Maybe it would help if you actually read evolutionary theory first. Apes and humans split approx. 7 million years ago. Which means you won't find a human body with a chimpanzee head. It is still possible to find humans with chimpanzee brains, however. I'll leave it to your imagination where they can be found.

Bad Name. Sould have been named the Carolosaurus (2)

lul_wat (1623489) | more than 3 years ago | (#35705654)

..because at 6 tons it resembled by ex-wife, Carol.

Reptile or Animal? (0)

Anonymous Coward | more than 3 years ago | (#35705702)

"this animal was about 11 metres long, 4 metres tall and it weighed about 6 tonnes"

I might be being a bit of an anal retentive wise-ass, but isn't a dinosaur a reptile and not an animal?
Just a thought.

Re:Reptile or Animal? (1)

TapeCutter (624760) | more than 3 years ago | (#35705746)

I might be being a bit of an anal retentive wise-ass, but isn't a dinosaur a reptile and not an animal?

Animal = member of the animalia kingdom
Reptile / dinosaur = member of the animalia kingdom = animal.

Re:Reptile or Animal? (1)

espiesp (1251084) | more than 3 years ago | (#35705748)

A reptile is a type of animal. WTF, did I just get baited?

Re:Reptile or Animal? (1)

dingen (958134) | more than 3 years ago | (#35705952)

As the other posters point out, a reptile is obviously also an animal. But, dinosaurs aren't reptiles. Reptiles have their legs besides their body, while dinosaurs have legs under their body (like mammals and birds). Also, there is evidence at least some dinosaurs might have been warm-blooded, which also disqualifies them as reptiles. And then there's the feathers...

Re:Reptile or Animal? (0)

Anonymous Coward | more than 3 years ago | (#35706320)

Did you intend to talk about "MAMMAL" as opposed to "ANIMAL" ?
Honest mistake or I just fed a honest-sounding troll.

Strom Thurmond? (0)

Anonymous Coward | more than 3 years ago | (#35706002)

Just askin'...

Not a very descriptive name (0)

Anonymous Coward | more than 3 years ago | (#35706018)

Should be named Wepirateeverything Magnus or Greatfirewallofchinasaurus Magnus

Amazing conclusion from little information (1)

markmay (557326) | more than 3 years ago | (#35706110)

Amazing, previously unknown dinosaur found with a few fossil fragments in China and we already know it roamed North America?

Re:Amazing conclusion from little information (1)

rossdee (243626) | more than 3 years ago | (#35706416)

Yeah, it must have been found with its passport showing where it had traveled.

I'm still waiting for the new species of dinosaur to be discovered off Japan

Am I reading too much into this? (1)

davidbrit2 (775091) | more than 3 years ago | (#35706252)

April 3: China Detects 10 Cases of Radiation Contamination

April 4: New Dinosaur Species Found In China

...Or is China about to becme totally awesome?

Mob Mentality (0)

BobbySkillzz (1949676) | more than 3 years ago | (#35706366)

WTF? Do people just devour the baseless estimation of age without any question?

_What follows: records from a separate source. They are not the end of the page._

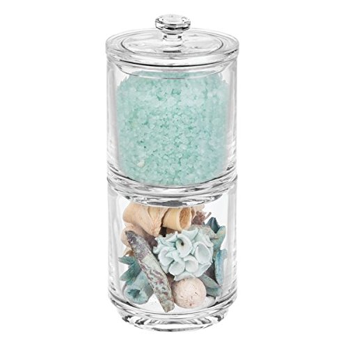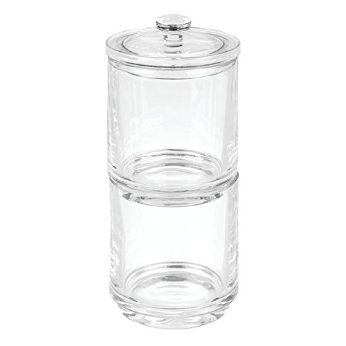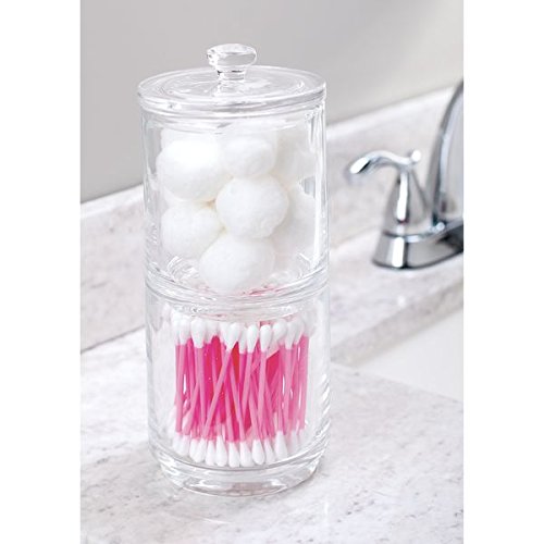 STORAGE MADE STYLISH: This stacking apothecary canister stores Q tips, cotton swabs, cotton balls, cotton rounds, makeup sponges, bath salts and more in a stylish and decorative accent container
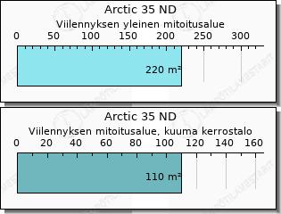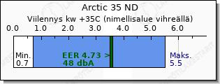 Viilennyslaitteen suurin tehokkuus on mitattu +35C ulkolämpötilassa ja sen perusteella voidaan arvioida, minkäkokoiseen asuntoon teho riittäisi.
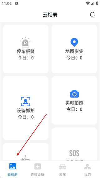 1、打開軟件進入云相冊頁面,查看停車報警地圖影集等功能模塊,點擊底部連接設備選項,進入WiFi綁定頁面。
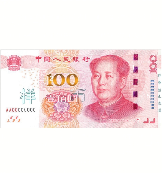 取消了票面左下角的光变油墨面额数字,胶印对印图案由古钱币图案改为面额数字“100”,并由票面左侧中间位置调整至左下角
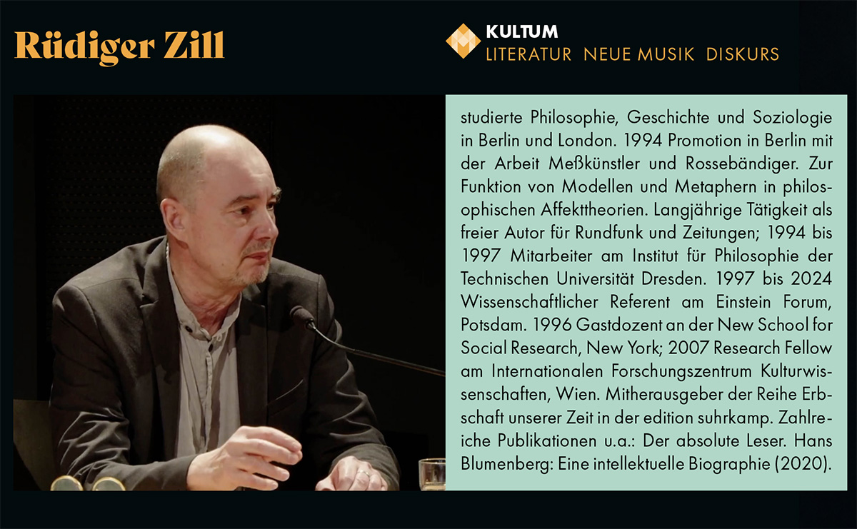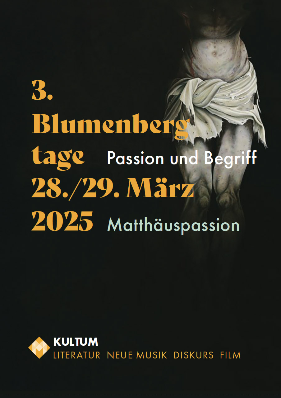 Im 50. Jahr des KULTUM stehen seine Bücher „Matthäuspassion“ (1988) und „Begriffe in Geschichten“ (1998) im Fokus. Blumenbergs Begriffsarbeit und seine Auseinandersetzung mit der Musik in Bachs großer Musik zur Passion Jesu werden ins Zentrum gestellt. Internationale Expert*innen und Kunstschaffende nähern sich Blumenberg an und erschließen sein Schaffen für die Gegenwart.
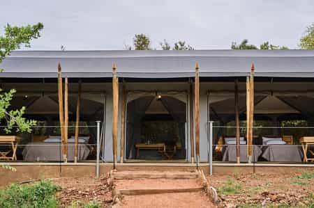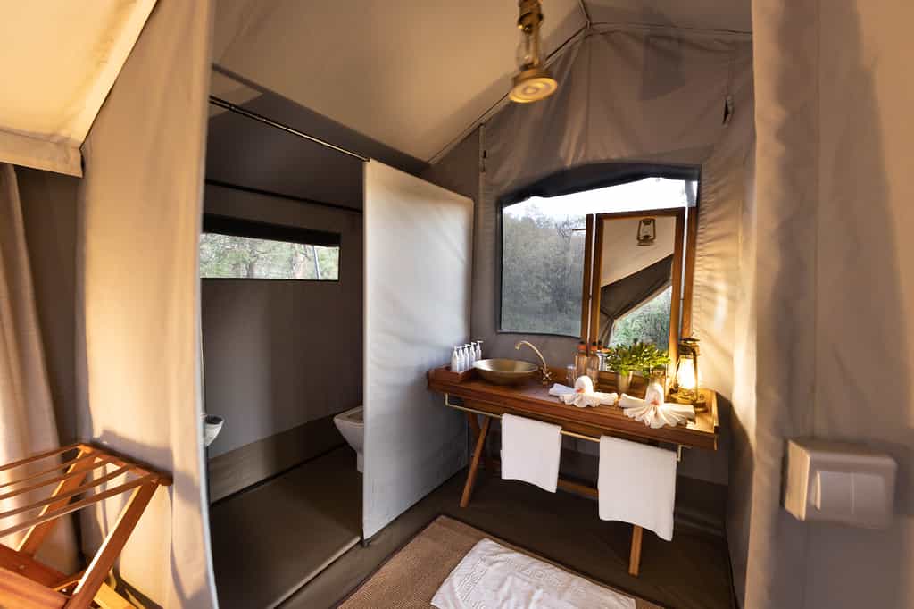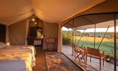 The seven guest tents at Basecamp Wilderness are strategically sited around the rim of the valley to offer both seclusion and sweeping Naboisho Conservancy views. Newly refurbished for superb, authentic safari comfort, each tent offers either a king-size or twin beds, while the separate bathroom tent features eco-friendly bio-flush toilets and the opportunity to experience one of the all-time classic Masai Mara safari experiences, a bucket shower with the water heated on request. Further opportunities to gaze out over the plains are provided by the seating area on the perfect terrace – there is nowhere finer to recline with a book and a pair of binoculars to hand.
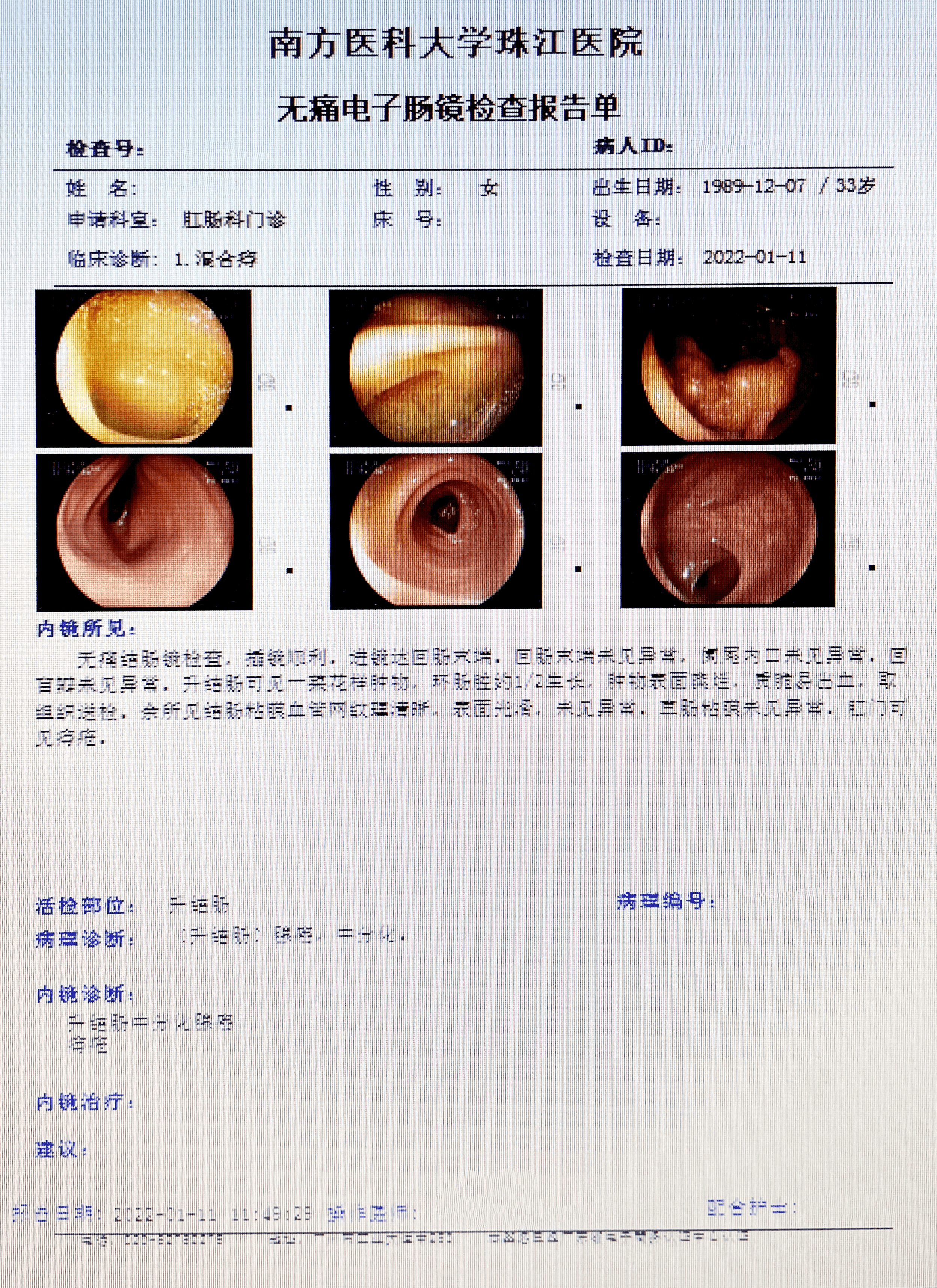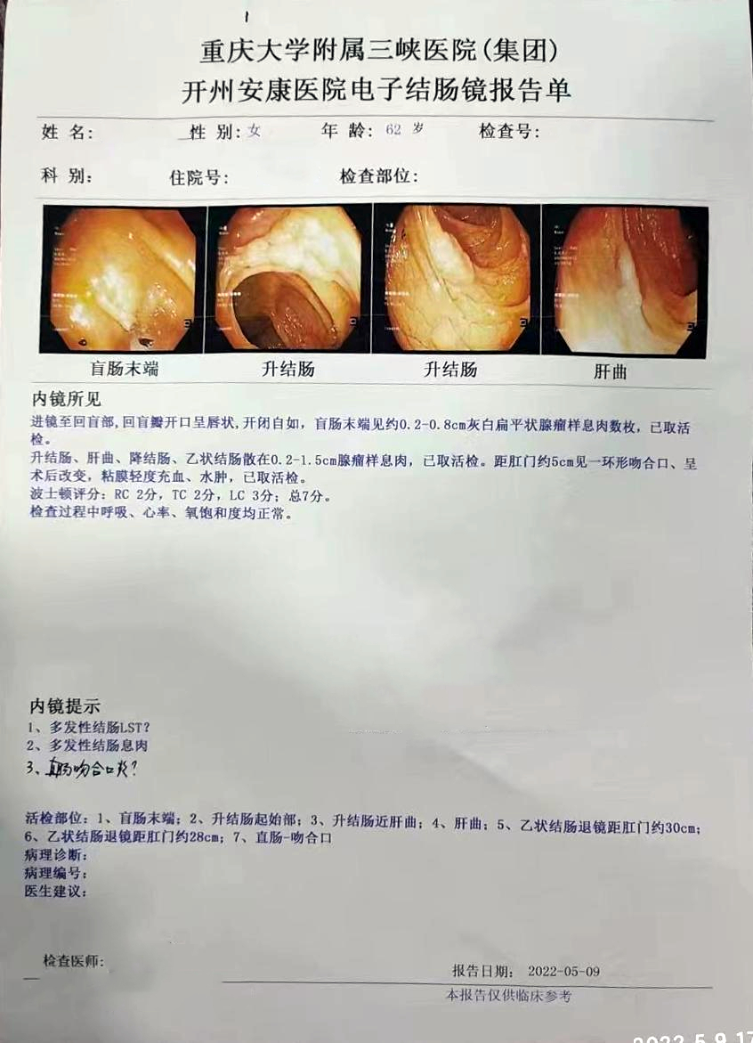 所见:直肠部分粘膜充血水肿,粘膜下血管纹理欠清晰,散见数枚息肉增生,直径约0.2-0.4cm,齿线上下见混合痔。升结肠近肝曲见一环肠腔生长肿瘤,约占肠腔1/2周,表面糜烂,钳取3块组织送检。
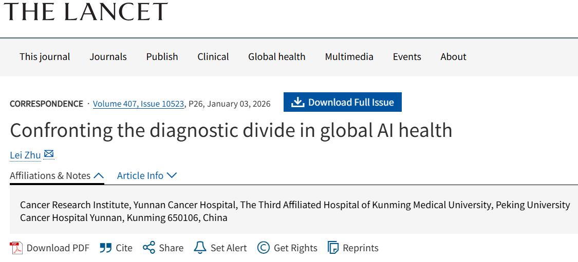 近日,昆明医科大学第三附属医院教师朱磊在国际顶级医学期刊《柳叶刀》(The Lancet)Correspondence专栏发表了题为《Confronting the diagnostic divide in global AI health》的通信文章。该文聚焦全球人工智能(AI)医疗发展中的一个深刻矛盾:当全球近一半人口尚无法获得基本诊断服务时,主流AI医疗研究可能在无意中加剧这一不平等,而非弥合它。文章呼吁全球学界进行战略转向,致力于发展“公平优先的AI”(equity-first AI)。
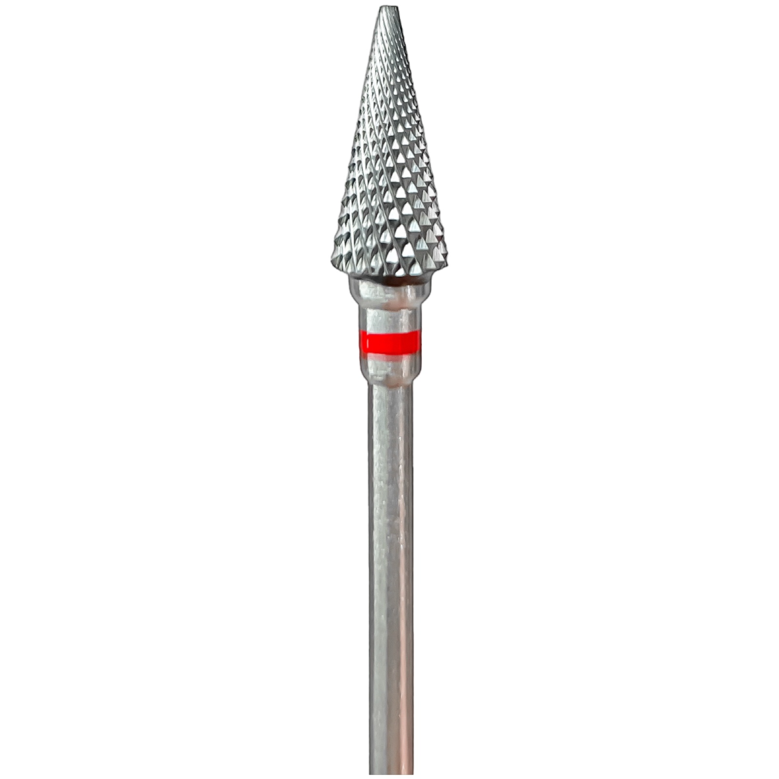 Фреза у формі ялинки використовується для швидкого та акуратного зняття штучного покриття. Завдяки своїй загостреній формі дозволяє працювати навіть у важкодоступних зонах біля кутикули та бічних валиків, що робить її ідеальною для професійного апаратного манікюру та корекції нарощених нігтів.

Why is there such a huge variance in the estimated time all these animals supposedly roamed the earth? This isn't science. This is conjecture.

Re:Mob Mentality (1)

jax523 (2032906) | more than 3 years ago | (#35706546)

Eh, i don't know. I would assume more samples would help get a more accurate claim on the dino's age. I also believe it's scientific to give the information they have. It would be conjecture to choose an arbitrary age. That being said... it is a wildly large spread.